On current trends, global warming will exceed 3 degrees Celsius or 5 degrees Fahrenheit by the end of the century. "The goals of global methane commitments now seem as distant as an oases in the desert," said Jackson, the Michelle and Kevin Douglas Provost Professor at Stanford's Dole School of Sustainability and lead author of the Environmental Research Letters paper. "We all hope they are not a mirage."

Methane is a short-lived but potent greenhouse gas that comes from natural sources such as wetlands and human or "anthropogenic" sources such as agriculture, fossil fuels and landfills. In the first 20 years after its release, methane heats the atmosphere nearly 90 times faster than carbon dioxide, making it a key target in limiting global warming in the near term.

Despite increased policy emphasis on methane, total annual methane emissions have increased by 61 million tons over the past two decades, a 20% increase, according to new estimates. The increase is primarily driven by growing emissions from coal mining, oil and gas production and use, cattle and sheep grazing, and the decomposition of food and organic waste in landfills.

"Over the past two decades, only the European Union and Australia have likely reduced methane emissions from human activities. The largest regional increases have come from China and Southeast Asia," said Marielle Saunois of the Université Paris-Saclay in France and lead author of the "Earth System Science Data" paper.

In 2020, the most recent year for which complete data are available, nearly 400 million tons (65% of global methane emissions) came directly from human activities, with methane emissions from agriculture and waste accounting for about 2 tons of methane emissions from the fossil fuel industry. According to researchers, methane emissions from human activities will continue to increase until at least 2023.
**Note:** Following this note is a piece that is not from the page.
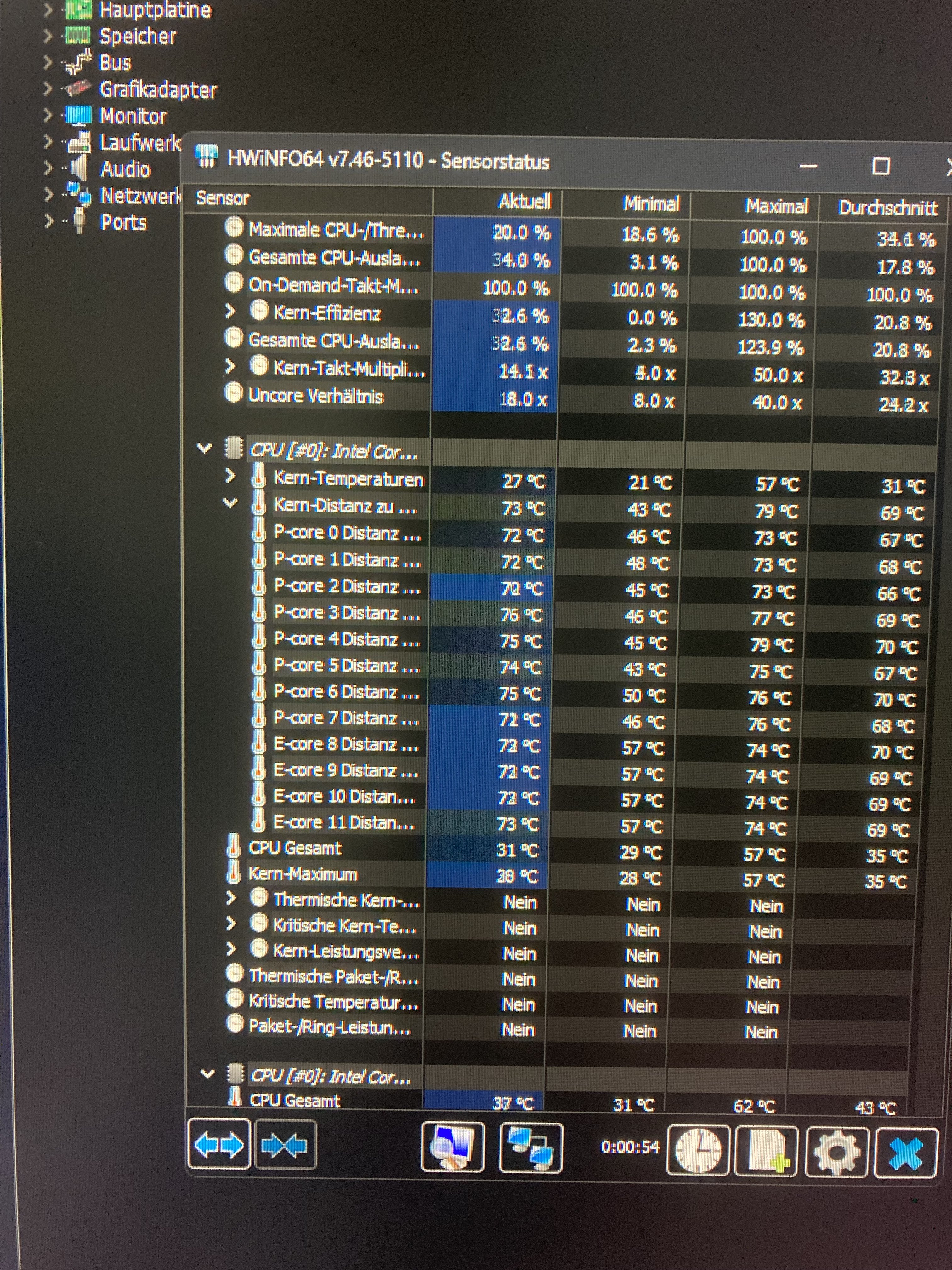 Und die „CPU Temperatur „ springt konstant mit der sporadischen Auslastung hin und her

By 2020, nearly 42 million tons of methane will have accumulated in our atmosphere, double the average annual increase in the 2010s and more than six times the increase in the first decade of the 2000s.
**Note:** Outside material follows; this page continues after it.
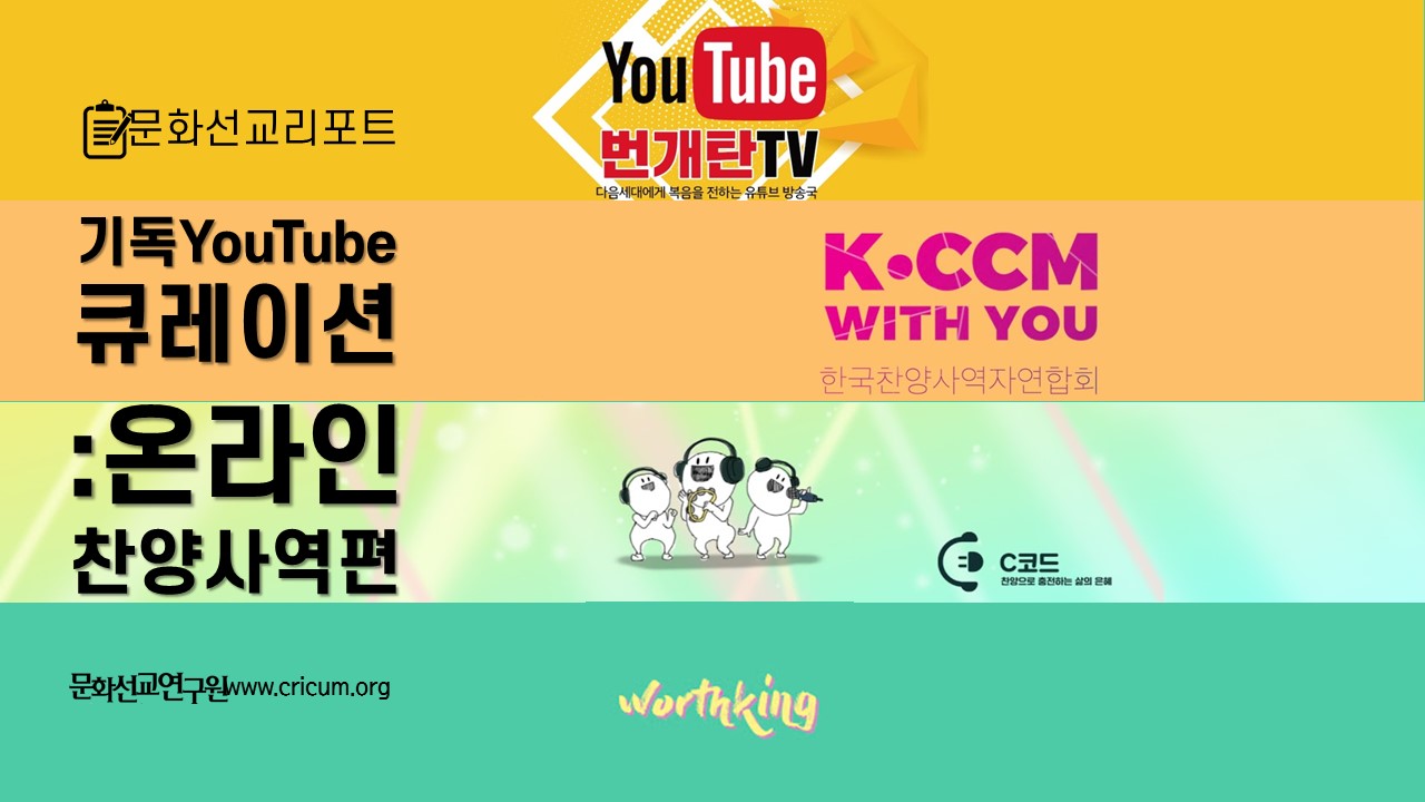 교회를 비롯한 사회 전반이 비대면 상황에 놓여있는 요즘. 예전처럼 찬양 집회에 가서 직접 보거나 들을 수 없는 상황임에도 불구하고, 오히려 삶의 자리에서도 찬양이 멈추지 않도록 보여주고 들려주는 유튜브 채널들이 있다는데..? 이번 편은 코로나19 바이러스 상황에서도 온라인이라는 장을 이용하여 복음 전달에 앞장서는 기독교 문화 콘텐츠들을 소개하고자 한다.

The pandemic lockdowns of 2020 reduced transport-related nitrogen oxide (NOx) emissions, which typically worsen local air quality, but prevented some methane from accumulating in the atmosphere. The temporary reduction in nitrogen oxide pollution accounted for about half of the increase in methane concentrations in the atmosphere that year - illustrating the complex entanglement between air quality and climate change.

"We're still trying to understand the full impact of COVID-19 lockdowns on the global methane budget," Jackson said. "COVID has changed just about everything - from fossil fuel use to emissions of other gases that change methane's lifetime in the atmosphere."
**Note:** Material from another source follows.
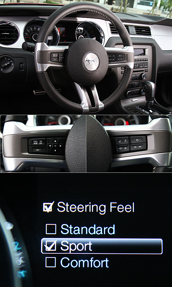 經典三幅式方向盤以真皮包覆,並具備功能操作鍵,且可選擇操作手感,於運動/標準/舒適間切換;實際操作,手感差異明顯,運動時較為重手且轉向較精準,而舒適模式則輕手許多,精準度也會相對打折。

Scientists at the Global Carbon Project have made an important change in their latest accounting of the world's methane sources and "sinks," including forests and soils that remove and store methane from the atmosphere.

In previous assessments, they classified all methane from wetlands, lakes, ponds and rivers as natural methane. But the new methane budget is the first attempt to estimate the growing amount of methane being emitted from these sources due to human impacts and activities.

For example, human-built reservoirs emit an estimated 30 million tons of methane every year because newly submerged organic matter releases methane as it decomposes. "Methane emissions from reservoirs behind dams are as direct a source of human emissions as methane emissions from cows or oil and gas fields," said Jackson, who published a new book on methane and climate solutions in July called "Into Clear Blue Skies: The Road to Restoring the Atmosphere" (Scribner's).

Scientists estimate that about one-third of wetland and freshwater methane emissions in recent years have been affected by anthropogenic factors, including reservoirs and increased emissions from fertilizer runoff, wastewater, land use and rising temperatures.

In a summer of severe weather and heatwaves that have brought to light the predicted extremes of our changing climate, the authors write: "Global average surface temperatures have already reached a tipping point of 1.5C of warming and are only now beginning to experience the full consequences."